Depuis l’enfance ! Mon père était militaire, donc j’ai pas mal voyagé. J’allais souvent à la chasse aux objets ! Je farfouillais un peu partout… (rires) J’ai eu la chance de pouvoir accéder aux maisons de mon arrière-grand-mère, qui sont restées dans leur jus. L’une était figée dans les années 20, j’étais comme une folle ! On pouvait y partir en urbex ! Ça me faisait peur autant que ça m’intriguait énormément. Il y a plein d’émotions, encore une fois, qui me viennent quand je suis dans une pièce remplie d’objets anciens, de livres particulièrement.

Et à ce métier de doreuse graveuse ?

J’ai d’abord été étudiante au Centre des Arts du Livre, où j’ai découvert la pratique de la dorure et ai pu m’y essayer assez jeune. Je suis tombée amoureuse de cette technique là-bas. Et puis, les livres me fascinent : il y a une empreinte, une époque restée en suspens, des décors infusés par le temps avec des feuilles d’or ; j’étais tout en émoi. J’avais vraiment l’impression d’avoir une partie de l’Histoire face à moi, que je pouvais toucher du bout des doigts. Ensuite, j’ai poursuivi mes études à l’École Bleue (école de design et d’architecture d’intérieur) parce que je voulais exploiter cette technique à d’autres fins que sur la couverture des livres. Pendant ces deux années, j’ai appréhendé d’autres matériaux, ce qui m’a permis d’avoir une autre perception des espaces, de découvrir plein de choses. Avec la culture du design et de l’architecture, j’ai pu aller vraiment plus loin et faire en sorte de trouver ma patte.

Pourquoi l’or ?

Ça fait forcément référence aux objets anciens, c’est quelque chose de prégnant. Rien que le fait de toucher la feuille d’or, c’est une approche très particulière à chaque fois. D’un point de vue technique c’est aussi très intéressant, parce qu’il y a quand même quelque chose qui se passe. Il y a un bon feeling ! (Elle sourit)

Et à côté de ça, le décor permet de vivre en fait. Il ya une dimension qui n’a rien à voir avec le même décor mais crayonné. Je veux vraiment apporter de la poésie, avec un aspect assez féminin, délicat. L’idée d’expérimenter sur des matériaux qui permettent d’avoir un résultat hors-normes me plaisait, mais c’est le dessin à la base, la démarche à travers laquelle je voulais m’exprimer. Lorsque je grave un décor en or, la lecture sera très différente qu’avec un autre matériau. Comme l’or reflète particulièrement bien la lumière, on va avoir un dessin hyper poétique, qui s’allume. Les dessins s’animent au contact des rayons et laissent place à de réels décors mouvants.
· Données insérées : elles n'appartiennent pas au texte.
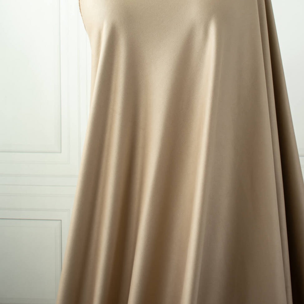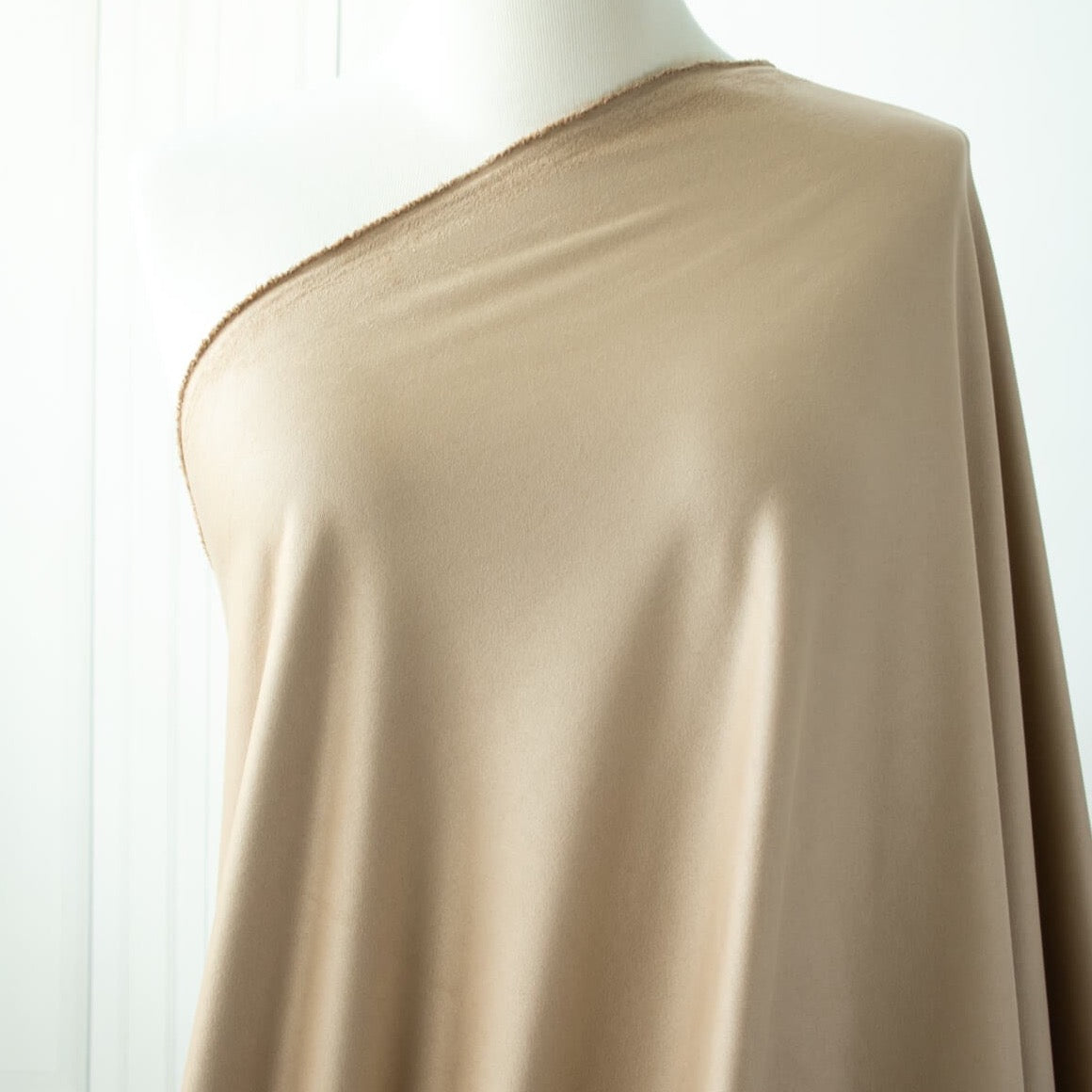 Faux Suede Knit fabric in a soft tan color, the perfect combination of luxury and comfort. Experience the soft hand and smooth texture of this stylish yet cozy fabric by the yard. Create pieces with sophistication and a bit of edgy fun! Ready to take your projects up a notch?
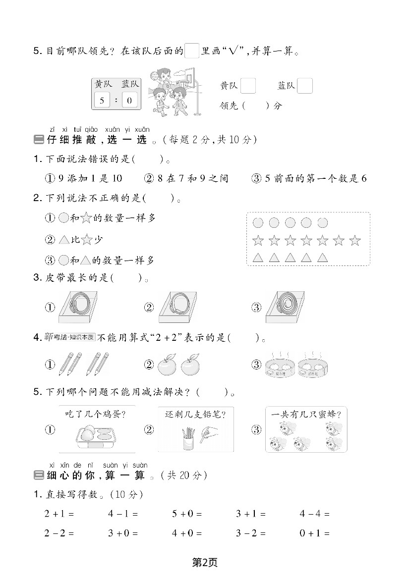 首页 > 全部 > 期中试卷 > 一年级(上)数学期中测试卷2《北师版》
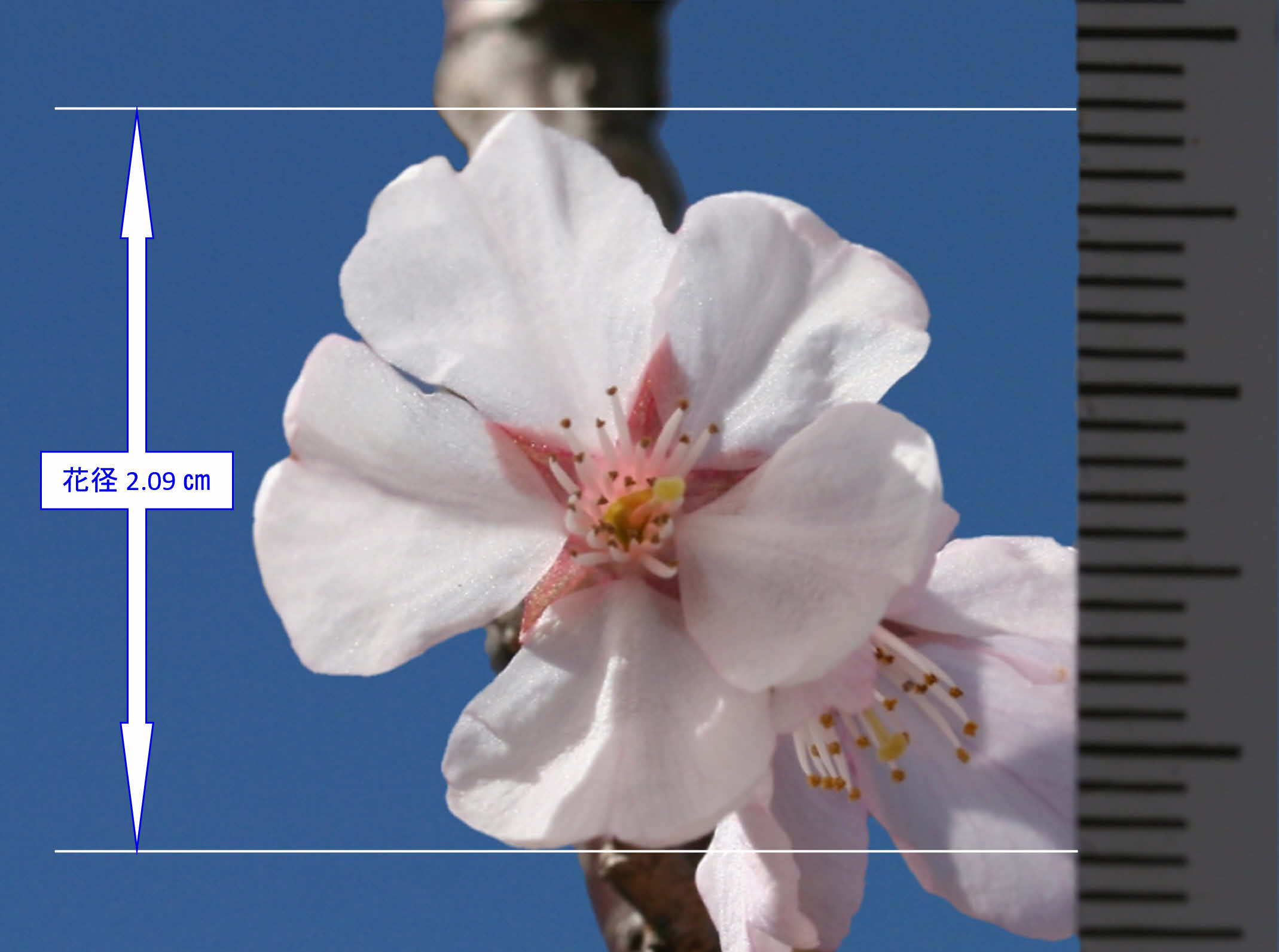MEMO: 開花して間がない小彼岸桜の直径で、約2.1㎝と小輪で、 江戸彼岸に似て、花弁は薄く弱々しいので、風により傷みやすい
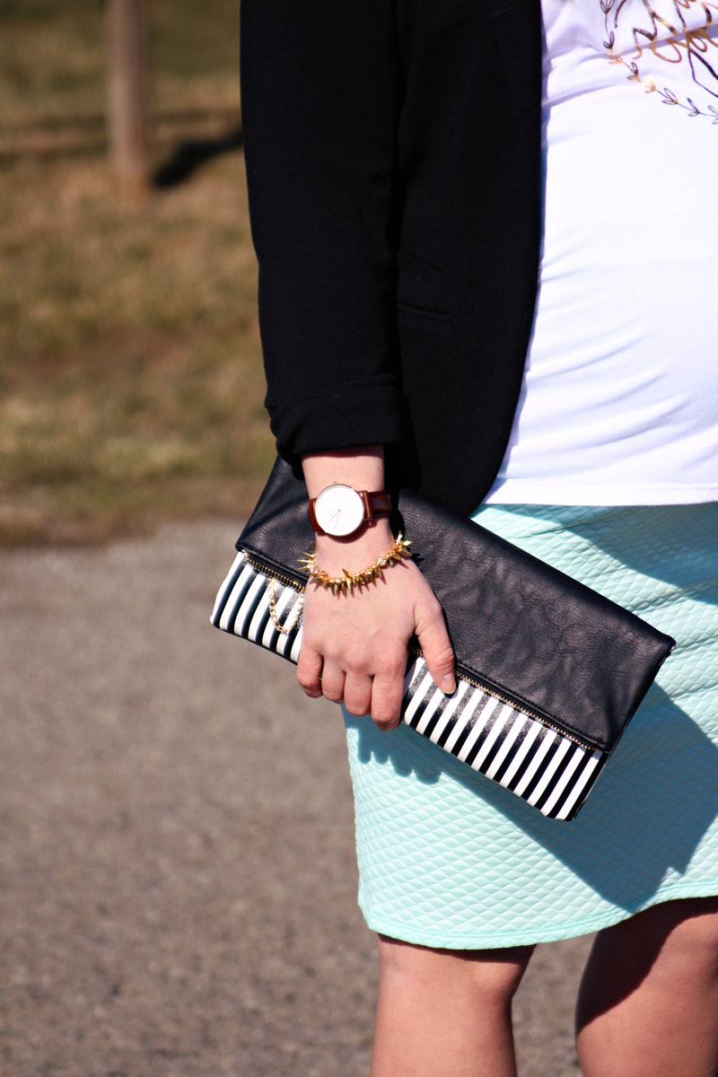 Stripe Clutch: Asos | Floral heels: Seychelles on Amazon (fit true to size and super comfy heel height) | Graphic Tee: c/o Poppy and Dot | Pencil Skirt: c/o Poppy and Dot | Blazer: Similar here and here | Hair Extensions: c/o Laced Hair | Lipstick: Mac All Fired Up | Watch: c/o Daniel Wellington | Bracelet: c/o Stella and Dot | Statement Necklace: Dying over this and this one | Delicate Gold Necklaces: c/o Made by Mary (more details on these amazing necklaces soon!)
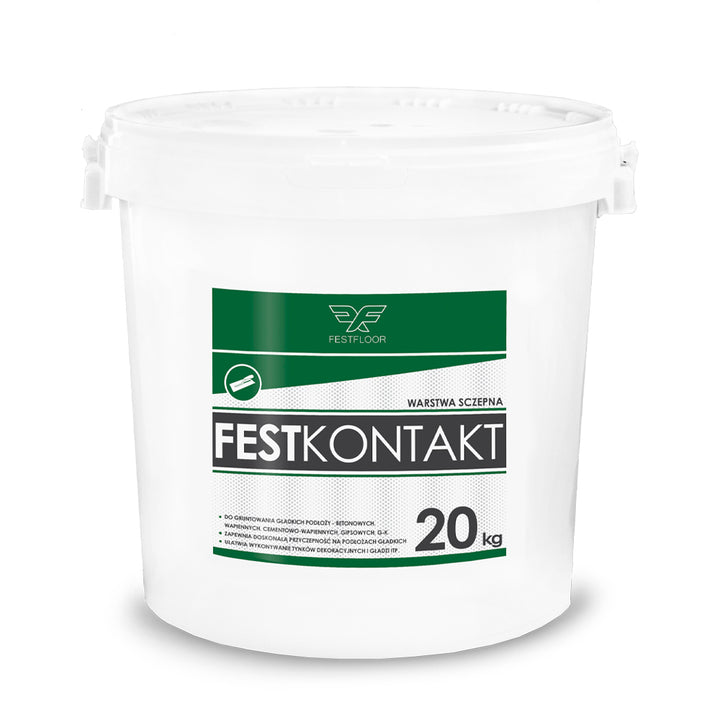 FEST Kontakt est un pont d'adhérence prêt à l'emploi avec ajout d'agrégat de quartz. Il offre une excellente adhérence sur des supports lisses et difficiles tels que le béton, les plaques de plâtre et les carreaux de céramique. Il est utilisé comme première couche de renforcement avant l'application de béton ciré, d'enduits décoratifs et d'autres composés de finition sur les murs.
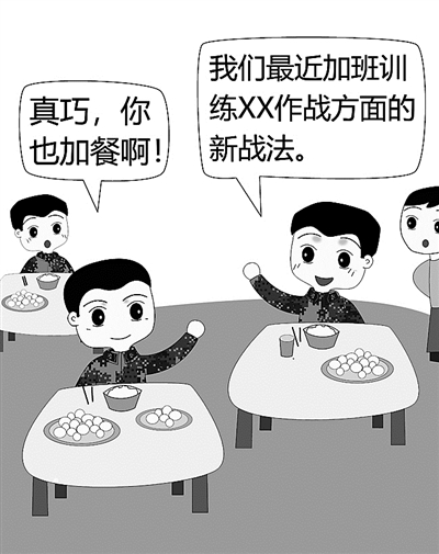 ????“真巧,你也來加餐啊?!薄笆前?,我們營最近在研訓新戰法,有時會加班訓練……我跟你說,我們研究的新戰法主要是××作戰方面,據說要在全旅推廣呢!”

Est-ce un secteur en disparition ou en expansion ?

Je dirais plutôt en disparition. Je me suis totalement approprié cette discipline, c’est une démarche extrêmement personnelle. Je dessine et je grave mes dessins en or, en argent, parfois avec de la couleur. Je collabore depuis 15 ans avec de très belles maisons, même à l’étranger. Elles me sollicitent pour ce savoir-faire mais aussi pour mon univers. Bien avant ça, j’ai tout de suite su qu’il y avait quelque chose à faire avec cette technique ; je la trouvais déjà merveilleuse et surtout, c’était une vraie niche.

Tu n’as pas pris peur quand il a fallu se pencher sur ce métier ?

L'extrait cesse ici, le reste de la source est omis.